Figure 10. Endogenous MITOL translocates to peroxisomes.

Figure 10

  1. To generate MITOL‐3Flag knock‐in (KI) HCT116 cell lines, 3xFlag gene cassettes were inserted upstream of the MITOL stop codon using CRISPR/Cas9‐based gene editing. Insertion of the 3Flag‐tag was verified by immunoblotting with an anti‐Flag antibody. Asterisk indicates a cross‐reacting band.

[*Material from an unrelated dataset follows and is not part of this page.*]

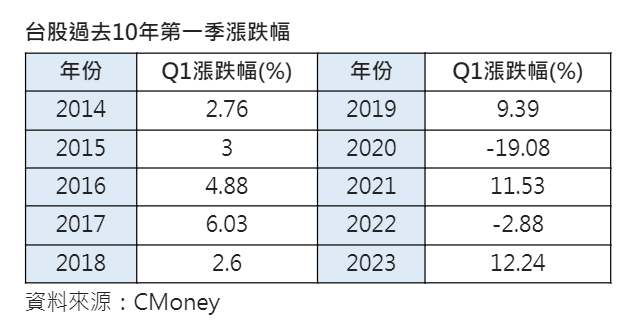台積電法說會釋出的展望,超乎市場預期,股價應聲大漲,也成為台股救世主,法人也因此把目光聚焦在近期募集登場的半導體法說會,包括1/31登場的聯發科、2/1的日月光、2/2的創意法說會。另外,統計過去10年以來,台股的第一季表現偏多,平均漲幅超過3%,10年中,共有8年上漲,僅有2020和2022年下跌,第二季也有6個年度續漲,顯示第一季進場勝率高。

  2. The MITOL subcellular localization was observed in MITOL‐3Flag KI HCT116 cells stably expressing HA‐Parkin with anti‐Flag, anti‐catalase, and anti‐Hsp60 antibodies. Endogenous MITOL (detectable with an anti‐Flag antibody) overlapped with Hsp60 under steady‐state conditions, whereas 3 h of valinomycin (10 μM) treatment induced translocation of endogenous MITOL from mitochondria to peroxisomes. Higher magnification images of the boxed regions are shown in the bottom panel. Scale bars, 10 μm.
  3. Correlation statistics for the localization of endogenous MITOL‐3Flag with catalase. Dots indicate individual Pearson correlation coefficient data points. In the box‐plots, the center lines show the medians, box limits indicate the 25th and 75th percentiles as determined by the R software package, and whiskers extend 1.5 times the interquartile range from the 25th and 75th percentiles. Means and the number of samples are shown on the box and the X‐axis, respectively. Statistical significance was calculated using a one‐tailed Welch's t‐test.
  4. The extraction of endogenous MITOL from depolarized mitochondria is blocked by the p97/VCP inhibitor NMS‐873. Higher magnification images of the boxed regions are shown in the lower panel. Scale bars, 10 μm.
  5. Correlation statistics for the localization of endogenous MITOL and PMP70 in the presence of NMS‐873. Dots indicate individual Pearson correlation coefficient data points. In the box‐plots, the center lines show the medians, box limits indicate the 25th and 75th percentiles as determined by the R software package, and whiskers extend 1.5 times the interquartile range from the 25th and 75th percentiles. Means and the number of samples are shown on the box and the X‐axis, respectively. Statistical significance was calculated using a one‐tailed Welch's t‐test.
  6. Endogenous MITOL is ubiquitylated following valinomycin treatment. After MITOL‐3Flag KI HCT116 cells stably expressing HA‐Parkin were treated with valinomycin for 3 h, the collected cell lysates were immunoprecipitated with anti‐Flag magnetic beads. The immunoprecipitates were blotted using anti‐Flag and anti‐ubiquitin antibodies. Red bars indicate ubiquitylation; the black arrowhead indicates MITOL‐3Flag.